* _PROBLEM REQUIREMENTS_
No pictures should appear in the copy; otherwise retype the entries exactly.

* _TASK DATA_
⁂

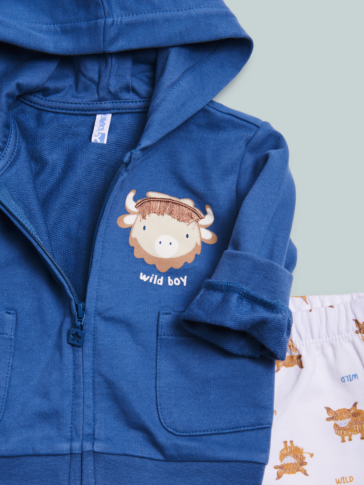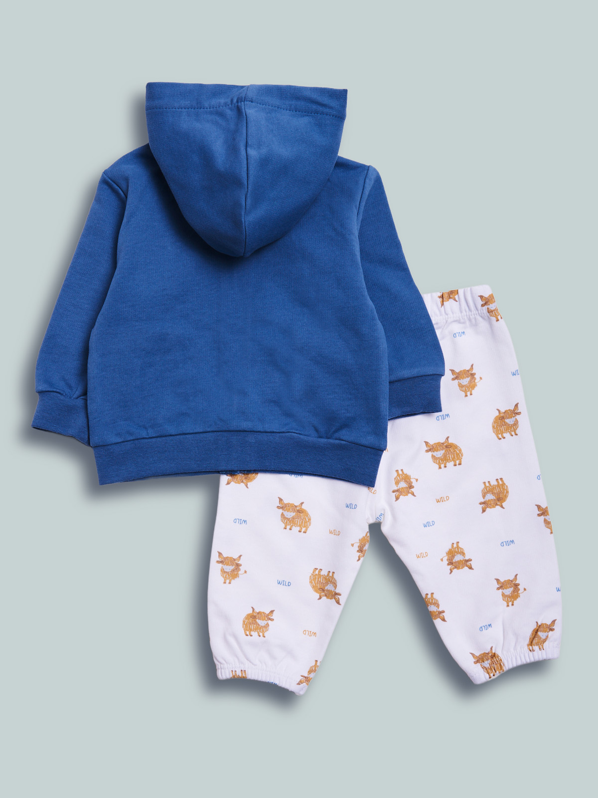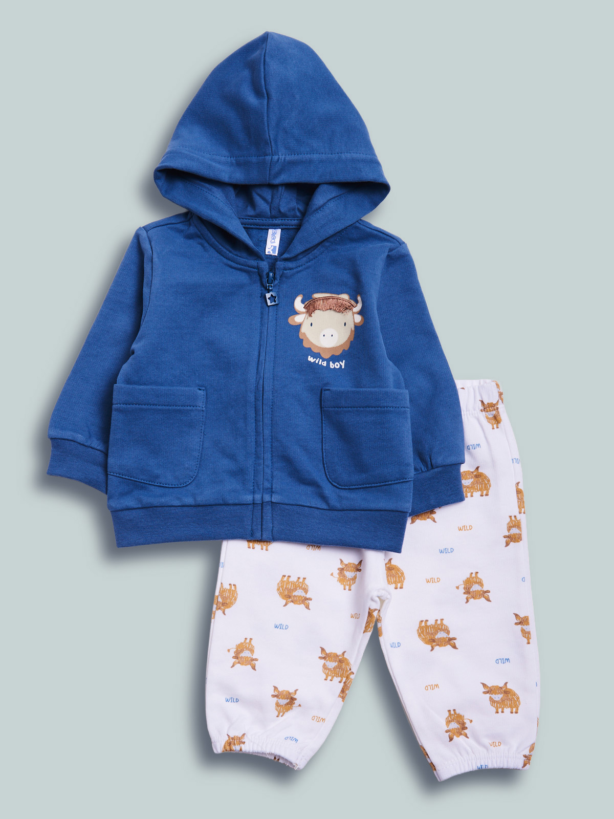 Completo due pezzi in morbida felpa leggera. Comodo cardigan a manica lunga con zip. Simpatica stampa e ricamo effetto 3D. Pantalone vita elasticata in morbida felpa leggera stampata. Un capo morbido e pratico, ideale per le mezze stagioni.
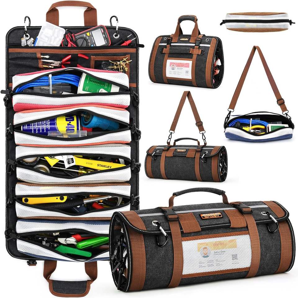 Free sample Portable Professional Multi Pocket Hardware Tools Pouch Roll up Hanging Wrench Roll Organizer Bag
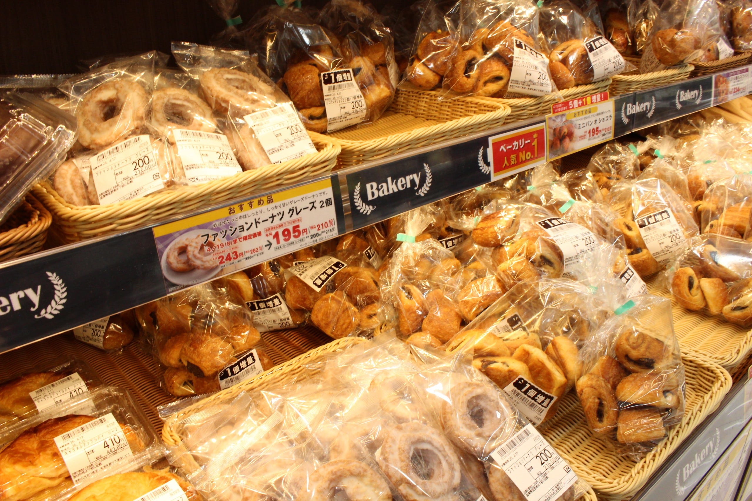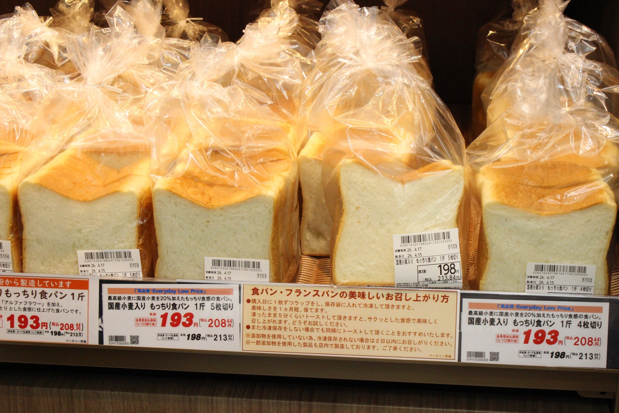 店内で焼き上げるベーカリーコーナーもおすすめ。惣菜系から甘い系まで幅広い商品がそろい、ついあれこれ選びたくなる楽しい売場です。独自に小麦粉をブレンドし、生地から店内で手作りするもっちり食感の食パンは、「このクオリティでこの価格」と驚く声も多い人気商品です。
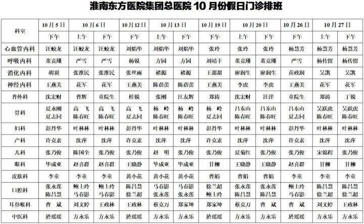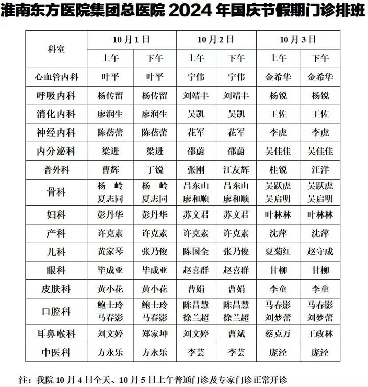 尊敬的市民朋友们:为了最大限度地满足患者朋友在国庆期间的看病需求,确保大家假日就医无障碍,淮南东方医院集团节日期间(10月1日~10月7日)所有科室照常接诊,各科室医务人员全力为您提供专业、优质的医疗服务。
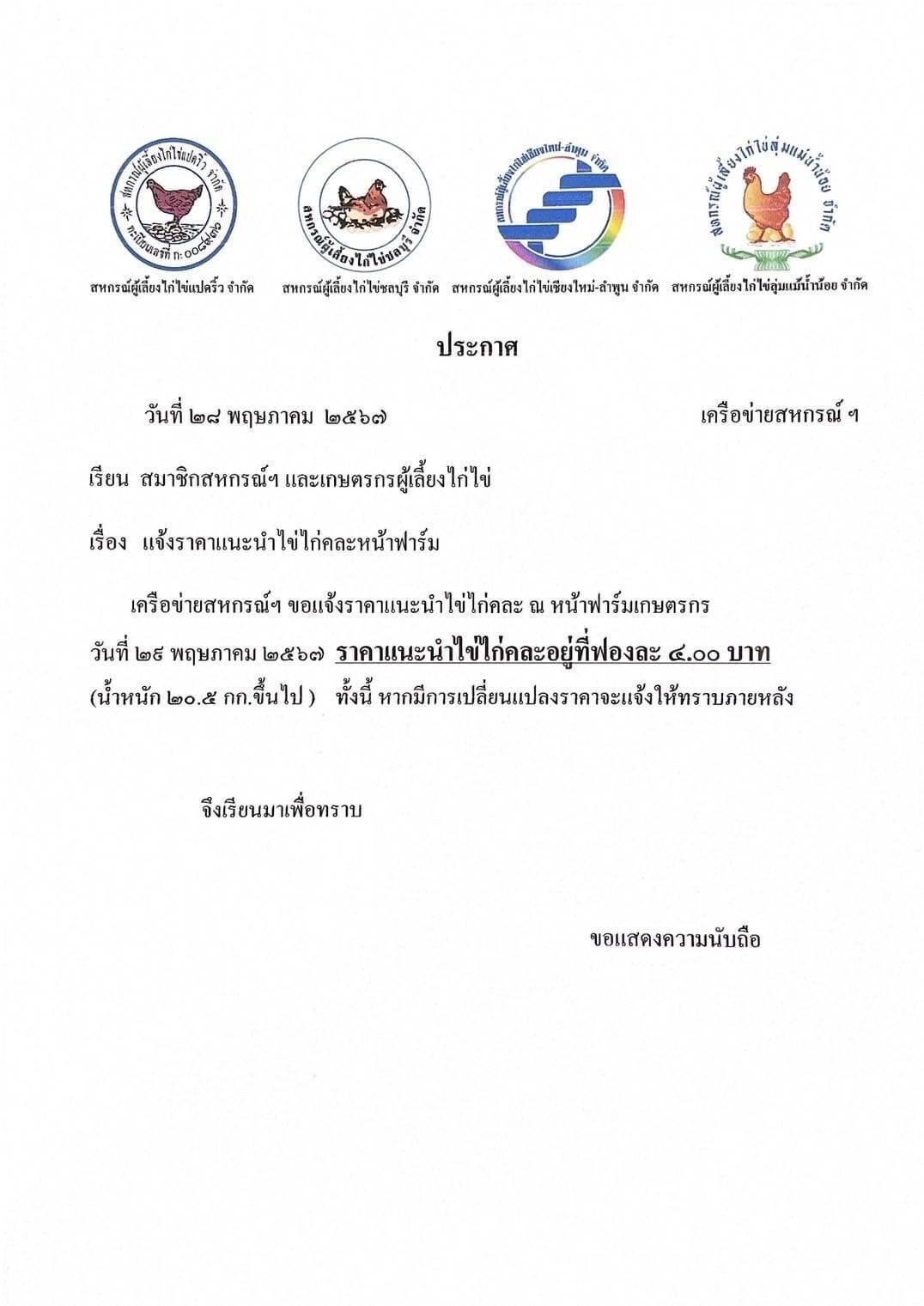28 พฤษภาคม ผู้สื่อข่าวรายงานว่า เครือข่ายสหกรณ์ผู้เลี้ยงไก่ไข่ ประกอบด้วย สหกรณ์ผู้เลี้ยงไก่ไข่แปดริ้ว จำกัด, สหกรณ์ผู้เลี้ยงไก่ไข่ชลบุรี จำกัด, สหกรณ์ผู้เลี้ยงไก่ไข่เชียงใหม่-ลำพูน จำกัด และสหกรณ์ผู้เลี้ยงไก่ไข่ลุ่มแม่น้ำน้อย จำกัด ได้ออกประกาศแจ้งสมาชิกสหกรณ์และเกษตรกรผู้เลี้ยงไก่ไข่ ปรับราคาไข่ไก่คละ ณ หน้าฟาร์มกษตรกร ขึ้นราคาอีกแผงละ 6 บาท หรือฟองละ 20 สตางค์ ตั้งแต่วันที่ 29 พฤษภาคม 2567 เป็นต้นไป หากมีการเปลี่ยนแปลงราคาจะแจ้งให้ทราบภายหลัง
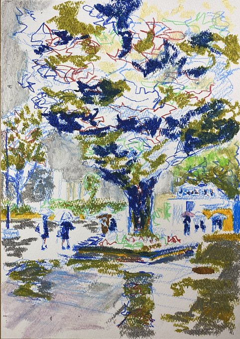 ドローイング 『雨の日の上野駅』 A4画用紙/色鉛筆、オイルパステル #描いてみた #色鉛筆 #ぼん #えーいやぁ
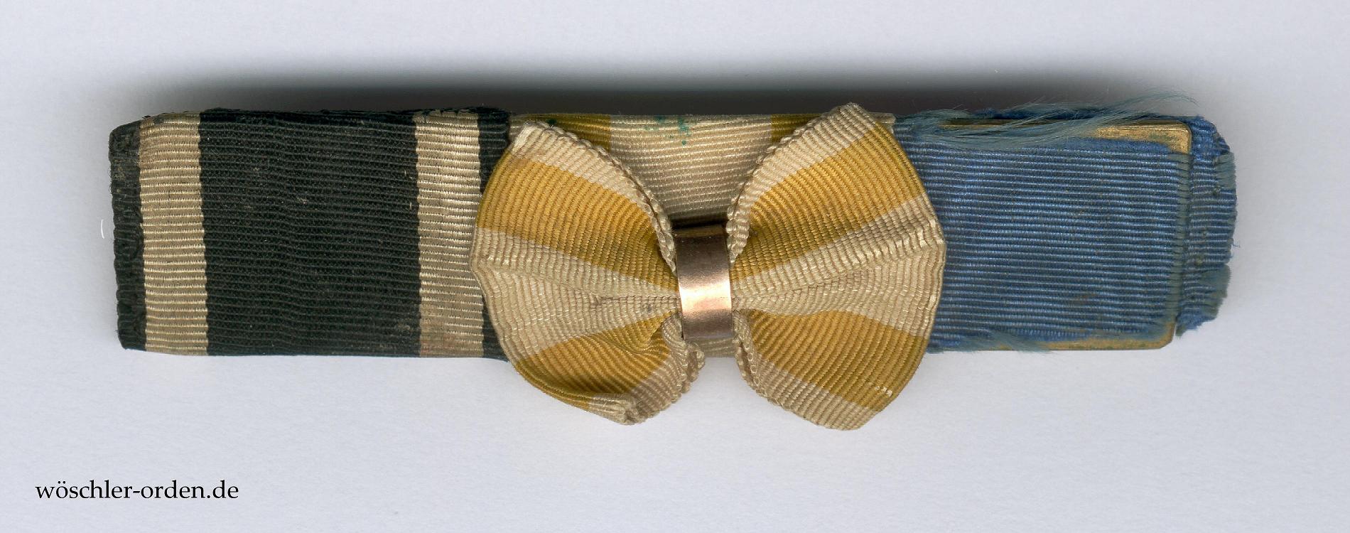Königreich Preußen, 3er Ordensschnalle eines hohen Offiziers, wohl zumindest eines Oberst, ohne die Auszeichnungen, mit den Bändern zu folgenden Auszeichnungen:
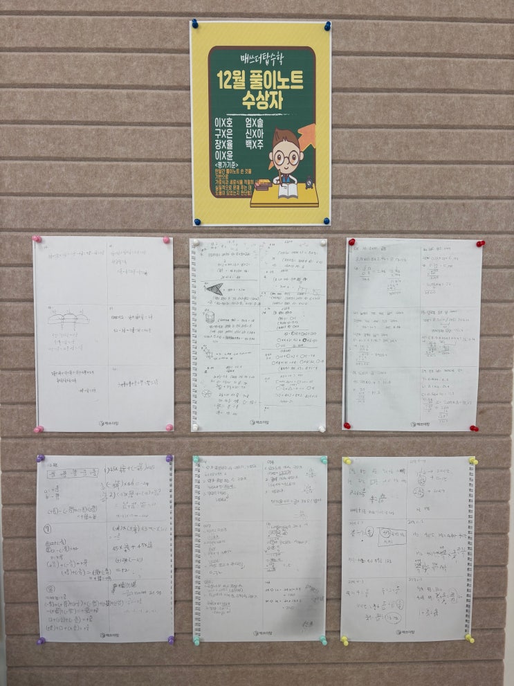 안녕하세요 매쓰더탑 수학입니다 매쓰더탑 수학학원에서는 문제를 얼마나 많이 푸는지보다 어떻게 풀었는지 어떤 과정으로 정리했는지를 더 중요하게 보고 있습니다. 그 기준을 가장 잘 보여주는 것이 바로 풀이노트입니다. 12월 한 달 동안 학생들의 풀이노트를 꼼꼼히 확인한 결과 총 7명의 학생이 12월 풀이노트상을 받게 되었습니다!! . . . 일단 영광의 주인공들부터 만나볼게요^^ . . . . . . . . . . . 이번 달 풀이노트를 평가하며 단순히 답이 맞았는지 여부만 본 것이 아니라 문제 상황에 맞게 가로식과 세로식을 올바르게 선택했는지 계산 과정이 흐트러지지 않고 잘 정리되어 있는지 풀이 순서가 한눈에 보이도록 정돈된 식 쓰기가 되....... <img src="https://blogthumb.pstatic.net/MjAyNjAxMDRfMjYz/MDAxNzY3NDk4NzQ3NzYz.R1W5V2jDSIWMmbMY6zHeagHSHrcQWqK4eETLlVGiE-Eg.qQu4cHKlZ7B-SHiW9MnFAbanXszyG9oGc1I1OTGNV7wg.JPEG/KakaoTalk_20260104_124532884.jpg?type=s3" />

⁂

* _COMPLETED EXERCISE_
 Completo due pezzi in morbida felpa leggera. Comodo cardigan a manica lunga con zip. Simpatica stampa e ricamo effetto 3D. Pantalone vita elasticata in morbida felpa leggera stampata. Un capo morbido e pratico, ideale per le mezze stagioni.
 Free sample Portable Professional Multi Pocket Hardware Tools Pouch Roll up Hanging Wrench Roll Organizer Bag
 店内で焼き上げるベーカリーコーナーもおすすめ。惣菜系から甘い系まで幅広い商品がそろい、ついあれこれ選びたくなる楽しい売場です。独自に小麦粉をブレンドし、生地から店内で手作りするもっちり食感の食パンは、「このクオリティでこの価格」と驚く声も多い人気商品です。
 尊敬的市民朋友们:为了最大限度地满足患者朋友在国庆期间的看病需求,确保大家假日就医无障碍,淮南东方医院集团节日期间(10月1日~10月7日)所有科室照常接诊,各科室医务人员全力为您提供专业、优质的医疗服务。
28 พฤษภาคม ผู้สื่อข่าวรายงานว่า เครือข่ายสหกรณ์ผู้เลี้ยงไก่ไข่ ประกอบด้วย สหกรณ์ผู้เลี้ยงไก่ไข่แปดริ้ว จำกัด, สหกรณ์ผู้เลี้ยงไก่ไข่ชลบุรี จำกัด, สหกรณ์ผู้เลี้ยงไก่ไข่เชียงใหม่-ลำพูน จำกัด และสหกรณ์ผู้เลี้ยงไก่ไข่ลุ่มแม่น้ำน้อย จำกัด ได้ออกประกาศแจ้งสมาชิกสหกรณ์และเกษตรกรผู้เลี้ยงไก่ไข่ ปรับราคาไข่ไก่คละ ณ หน้าฟาร์มกษตรกร ขึ้นราคาอีกแผงละ 6 บาท หรือฟองละ 20 สตางค์ ตั้งแต่วันที่ 29 พฤษภาคม 2567 เป็นต้นไป หากมีการเปลี่ยนแปลงราคาจะแจ้งให้ทราบภายหลัง
 ドローイング 『雨の日の上野駅』 A4画用紙/色鉛筆、オイルパステル #描いてみた #色鉛筆 #ぼん #えーいやぁ
Königreich Preußen, 3er Ordensschnalle eines hohen Offiziers, wohl zumindest eines Oberst, ohne die Auszeichnungen, mit den Bändern zu folgenden Auszeichnungen:
 안녕하세요 매쓰더탑 수학입니다 매쓰더탑 수학학원에서는 문제를 얼마나 많이 푸는지보다 어떻게 풀었는지 어떤 과정으로 정리했는지를 더 중요하게 보고 있습니다. 그 기준을 가장 잘 보여주는 것이 바로 풀이노트입니다. 12월 한 달 동안 학생들의 풀이노트를 꼼꼼히 확인한 결과 총 7명의 학생이 12월 풀이노트상을 받게 되었습니다!! . . . 일단 영광의 주인공들부터 만나볼게요^^ . . . . . . . . . . . 이번 달 풀이노트를 평가하며 단순히 답이 맞았는지 여부만 본 것이 아니라 문제 상황에 맞게 가로식과 세로식을 올바르게 선택했는지 계산 과정이 흐트러지지 않고 잘 정리되어 있는지 풀이 순서가 한눈에 보이도록 정돈된 식 쓰기가 되....... <img src="https://blogthumb.pstatic.net/MjAyNjAxMDRfMjYz/MDAxNzY3NDk4NzQ3NzYz.R1W5V2jDSIWMmbMY6zHeagHSHrcQWqK4eETLlVGiE-Eg.qQu4cHKlZ7B-SHiW9MnFAbanXszyG9oGc1I1OTGNV7wg.JPEG/KakaoTalk_20260104_124532884.jpg?type=s3" />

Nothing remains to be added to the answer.